No niego que me sentí abrumada, eran tantas las mujeres que no sabía a quiénes comprarles. Pero a cada una les tomé una. Ellas me contaron que con la venta de canastas logran darles de comer a sus hijos, porque a veces pasan días enteros sin comer. Y fue cierto. Las casas elaboradas de bahareque y techo de paja, tenían los fogones apagados. "No hay con qué, no tenemos cómo cocinar y desde ayer los frijoles se acabaron" me dijo una de las mujeres.

Les pregunté cómo hacían y me dijeron que algunas veces aguantaban y otras, los vecinos les comparten lo poco que tienen y así sobreviven. En los campos los hombres cultivaban maíz, pero la falta de lluvias los tenía preocupados porque la milpa se secaba. Les pregunté si el Gobierno les apoya y me dijeron que pasan olvidados y que a veces son las Organizaciones No Gubernamentales (ONG), las que les ayudan.

Pese a todo los Tolupanes, no pierden la sonrisa, tienen paz, saben compartir, respetan las leyes de su tribu y no dudo que son felices, a su manera, pero felices. Las tres horas que me pasé en la aldea sin duda me dejaron una lección de vida, de esas que con solo estar en un lugar Dios te da con el ejemplo lecciones, donde vemos que los que más necesidades pasan, son los que menos exigen. Que esta etnia es noble, sin maldad, que abren la puerta de sus casas y lo poco que tienen te lo ofrecen y que a pesar de todos los obstáculos, ellos siempre creen que el mañana será mejor.

Me traje conmigo de San Juan los valores que en las ciudades perdemos, la amabilidad que a veces por desconfianza y miedo es tan difícil encontrar y la solidaridad, ese ingrediente que te hace ponerte en el dolor ajeno, la que te dice comparte cuando el otro sufre y te alegra o entristece cuando el otro sufre o goza. 

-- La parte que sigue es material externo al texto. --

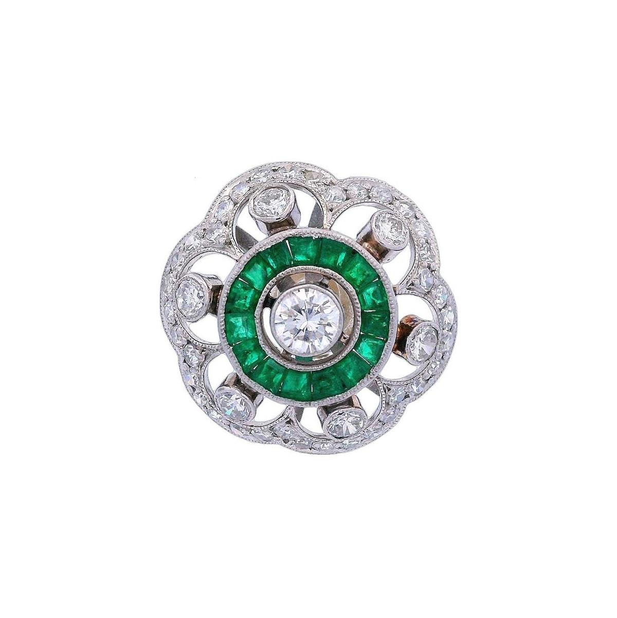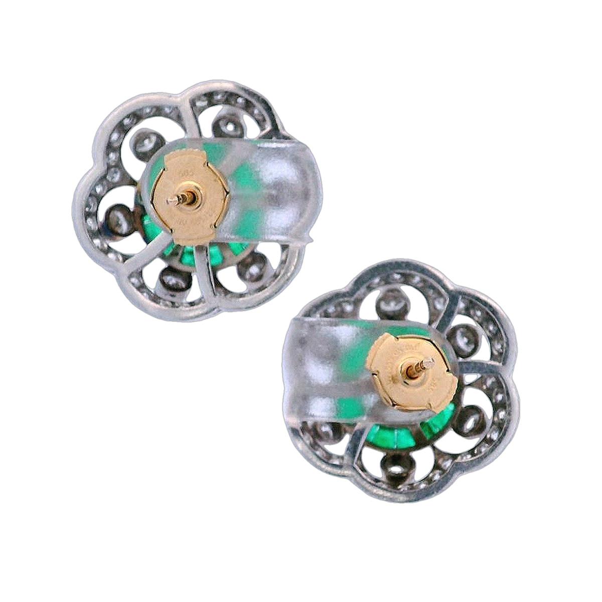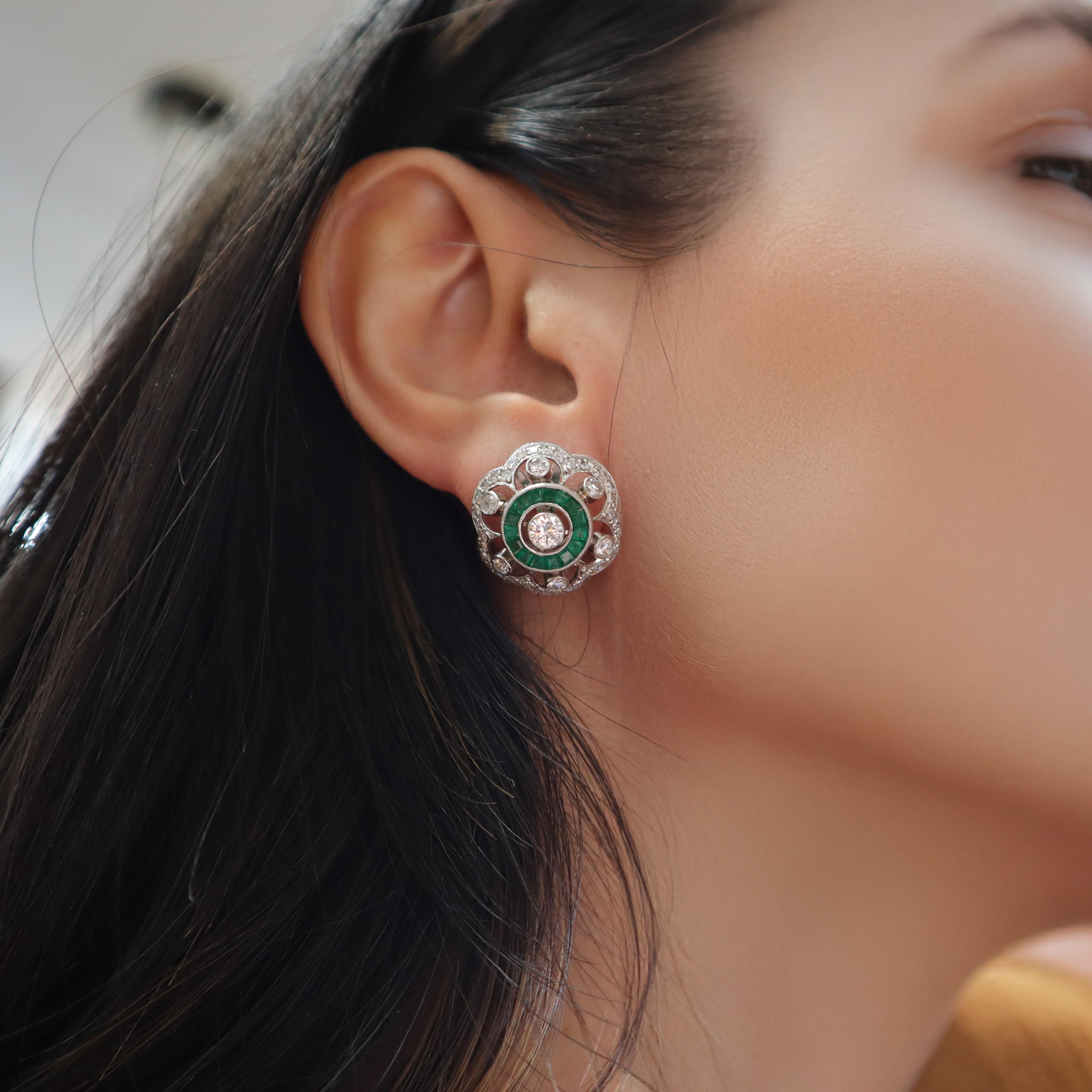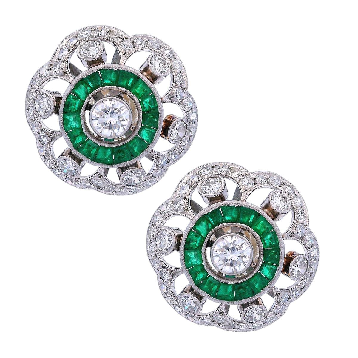 These captivating diamonds are complemented by additional round-cut diamonds totaling around 1.50 carats, graded G-H color, which enhance the earrings' overall elegance and shine. Adding to their allure, the earrings are beautifully embellished with 30 Colombian emeralds that weigh together approximately 1.10 carats, providing a vibrant splash of color and a nod to the sophistication of the Art Deco era.
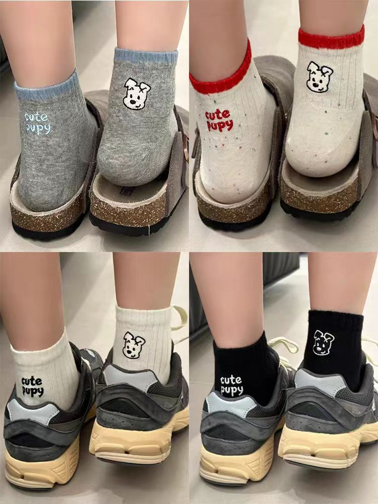 한국판 만화풍 뒷굽 AB 스타일 강아지 레터링 양말, 컬리지 스타일 귀엽고 다용도인 인스 스타일 로우컷 숏삭스 여성용스토어 가기
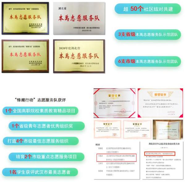 大学生社区实践计划“有心有意”。立足校园、服务社会,学校坚持超过10年服务街道、社区、福利院等机构,获评1个全国高职院校素质教育精品项目、1个省级青年志愿者优秀组织奖,建成2支省级、5支市级本禹志愿服务队示范团队,4支市级“最佳志愿服务组织”,为美丽江城蓬勃发展贡献青春力量。2023年新增1个“武汉市最佳志愿服务组织”,1支服务队入选“完整社区建设试点”项目,3个学院获评湖北省“大学生社区实践计划”优秀组织单位。
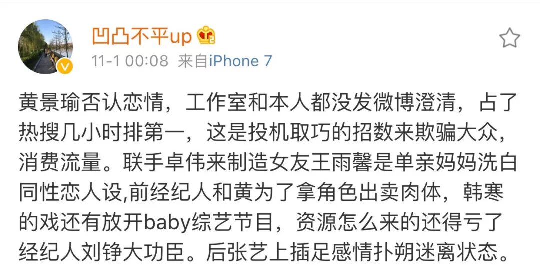 后来“凹凸不平up”发了一系列微博,中心思想都离不开“黄景瑜是个渣男”,但鉴于没有照片佐证,可信度还是要打个问号。
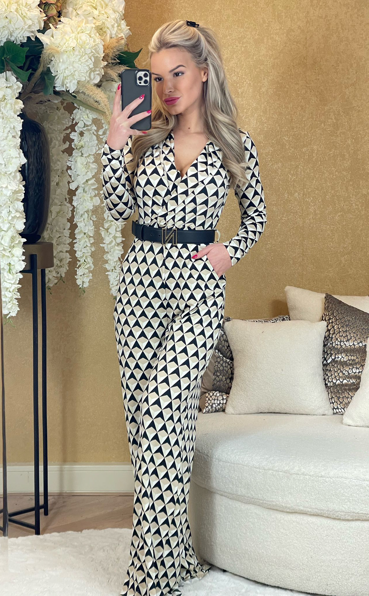TRAVEL LOVE! De Karina jumpsuit komt in een prachtige print. De jumpsuit heeft een bladerkraag, ceintuur in de taille en heeft zakken. Goed te dragen tot een lengte van 1,78 m
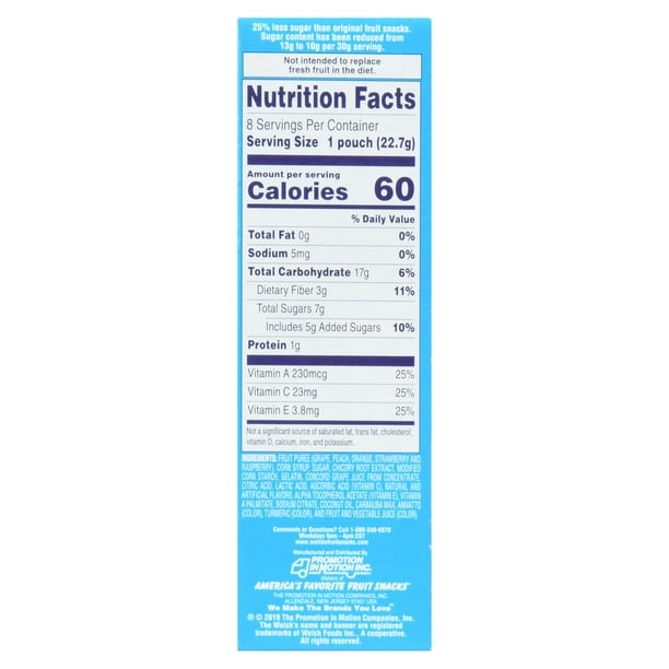 Welch's Reduced Sugar Mixed Fruit Fruit Snacks 0.8oz Pouches - 8Ct Box
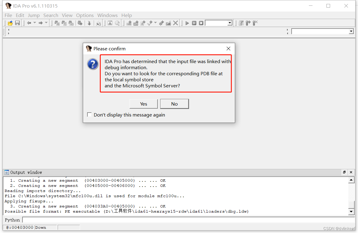 在Windows库中,你可以选择PE模式。 接下来,一个提示会显示是否要下载pdb文件:
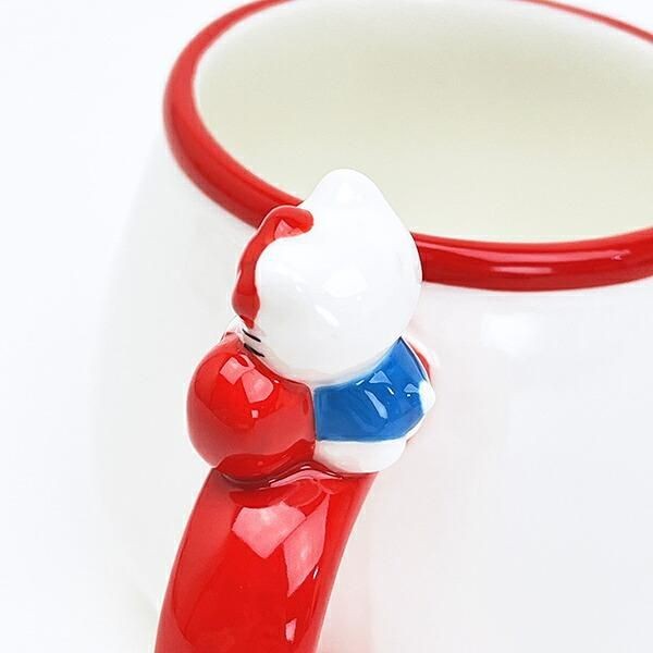 先ほどのデザインに加え、マグカップのもちてにはちょこんとキティの姿に胸キュン確定。後ろからみてもこのかわいさ。しっかりしがみついている姿に愛らしさMAXです。

Esa es la vida que aún los Tolupanes no pierden, de las cosas más simples gozan y nos toca aprenderlo. Ojalá usted que me lee tenga un tiempo para que penetre en ese mundo, donde la palabra maldad no es parte del lenguaje y donde aún guardan el respeto, las reglas de convivencia que marcan la diferencia con las áreas urbanas. Difícil para mi olvidar San Juan, difícil olvidarme de Cipriano que forjó el camino que ahora sigue su tribu y por eso dedicó hoy estas líneas para esos hombres y mujeres que luchan también en medio de la adversidad por sobrevivir.

La Montaña de la Flor de lo bueno por descubrir en Honduras.